The cross-reactive M1BR repertoire, had increased usage of clones expressing the public EBV-BR-specific AV8.1-CAVKDTDLIF-AJ34 (or variants of it) paired with multiple different TCRb chains some of which did express the IAV-M1 public BV19 family (Table 1D). Once again, as these M1BR clones are likely high affinity to EBV-BR, but low affinity to IAV-M1 it would not be ideal for them to start to proliferating during acute IAV infection. There was also a relatively unique public M1BR cross-reactive TCR which expressed the public EBV-BR AV8.1 with a relatively unknown motif AV8.1-CAxGNNNARLMF-J31.1 paired with a unique cross-reactive motif TCRb BV3.2-CASSQALTDYGYTF-1.2. This clone is most likely low affinity to IAV-M1 but capable of proliferating during IAV infection resulting in a less than optimum responses.

These studies highlight how important the develop of new tools and algorithms to study TCR repertoires, such as TCRdist and GLIPH (6, 29), can lead to our better understanding the evolution of antigen-specific repertoires. Other investigators are developing models that may assist us in predicting TCR specificity and cross-reactivity (28, 4749). Developing more advanced computational methods for designing highly specific and potent TCR for use in engineering T cell therapies requires large amounts of accurate data on antigen-specific TCR repertoires and MHC-peptide complexes. Taken together all of these findings suggest that we have finally reached a paradigm shifting moment in our understanding of TCR structure and repertoire that could lead to a much better understanding of T cell mediated diseases and/or the development of T cell specific treatments.

Disease etiology and diagnosis by TCR repertoire analysis is beginning to gain more attention as technology improves (50). Several lines of evidence suggest that EBV-specific CD8 T cells are important for the control of EBV long term (51), including successful treatment of EBV-associated lymphoproliferative disorders and post-transplant associated EBV infections by adoptive transfer of EBV-specific CD8 T cells (52, 53). Recently, using high-throughput sequencing in multiple sclerosis (MS) patients, a disease associated with EBV-induced acute infectious mononucleosis, the TCR repertoire from the cerebrospinal fluid was found to be enriched in EBV-reactive CD8 T cells that were distinct from the blood37. TCR repertoires are increasingly being linked to disease (50) like recovery from cancer (54, 55), and our work which suggests that TCR repertoire differences contribute to protection against infection or impact disease severity (23, 24). Recent work (56) suggests that defective CD8 T cell control of EBV reactivation in multiple sclerosis (MS) patients leads to an expanded population of EBV-infected, autoreactive B cells; this is supported by preliminary results of a Phase I clinical trial that demonstrated improvement of MS symptoms following infusion of autologous EBV-specific CD8 T cells, which are thought to bring the virus under control (57). These types of T cell therapies make it imperative that more-advanced methods integrating computational biology and structural modeling become available for designing highly specific and potent TCRs. Methods to predict optimum TCR features to be recognized and activated by a particular antigen and for identifying TCR antigen-specificity groups without the need to isolate antigen-specific T cells would be highly valuable and are beginning to be developed (6, 29). Recently, progress has been made in developing algorithms that identify crossreactive epitopes, between strains of similar viruses like IAV and coronaviruses (58).

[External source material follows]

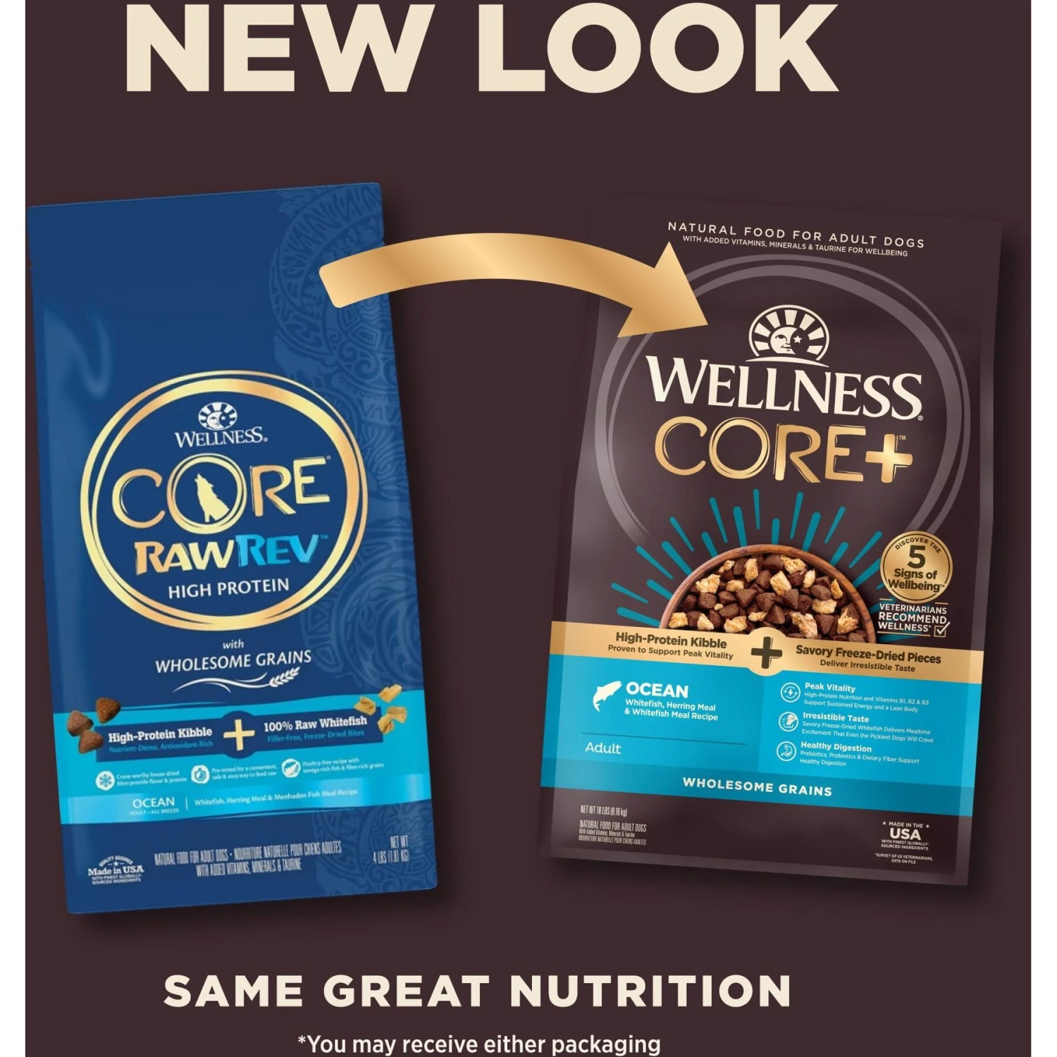 Give your dude a different kind of seafood with Wellness CORE RawRev Wholesome Grains Ocean Original Recipe. This tasty raw food for dogs is thoughtfully balanced with high-protein kibble, wholesome grains and nutrient-rich superfoods to promote whole body health. It features 100% freeze-dried fish bites for a boost of savory flavor that dogs love. This raw dog food is crafted using advanced natural nutrition to support lean body mass, muscle tone and a healthy coat and skin. It is fortified with omega fatty acids, antioxidants, glucosamine, probiotics and taurine and does not contain any fillers, wheat, corn or soy.

These results also impact our understanding of the current COVID19 pandemic, where a disease caused by the severe acute respiratory syndrome coronavirus-2 (SARS-CoV-2), can present in many forms. It generally causes a mild and sometimes asymptomatic disease in children but is more pathogenic in adults and can be quite severe in aged populations, especially in individuals with pre-existing conditions. Yet, individuals of similar age and health status may experience widely different disease processes and severity. In severe cases lungs may encounter a highly inflammatory cytokine storm and be full of CD8 T cells experiencing various degrees of clonal exhaustion (59). Reasons for the variation in pathogenesis are unknown and could be influenced by viral dose and genetics of the host, but it is likely that T cell-dependent heterologous immunity and cross-reactivity play a role (60). In mouse models, virally induced pathologies have been linked to cross-reactive epitopes and can vary widely among individuals, even those with similar genetics and infection histories. In several models with syngeneic hosts, variability in the pathogenesis has been linked to the private specificity of the T cell repertoire responding to the cross-reactive epitope (17, 18, 25). Even genetically identical hosts have different naïve TCR repertoires as well as different TCR repertoires to the same epitope of a pathogen. These results suggest that how an individual would respond to SARS-CoV-2 would be dependent in part on that person’s TCR repertoire and history of previous infections.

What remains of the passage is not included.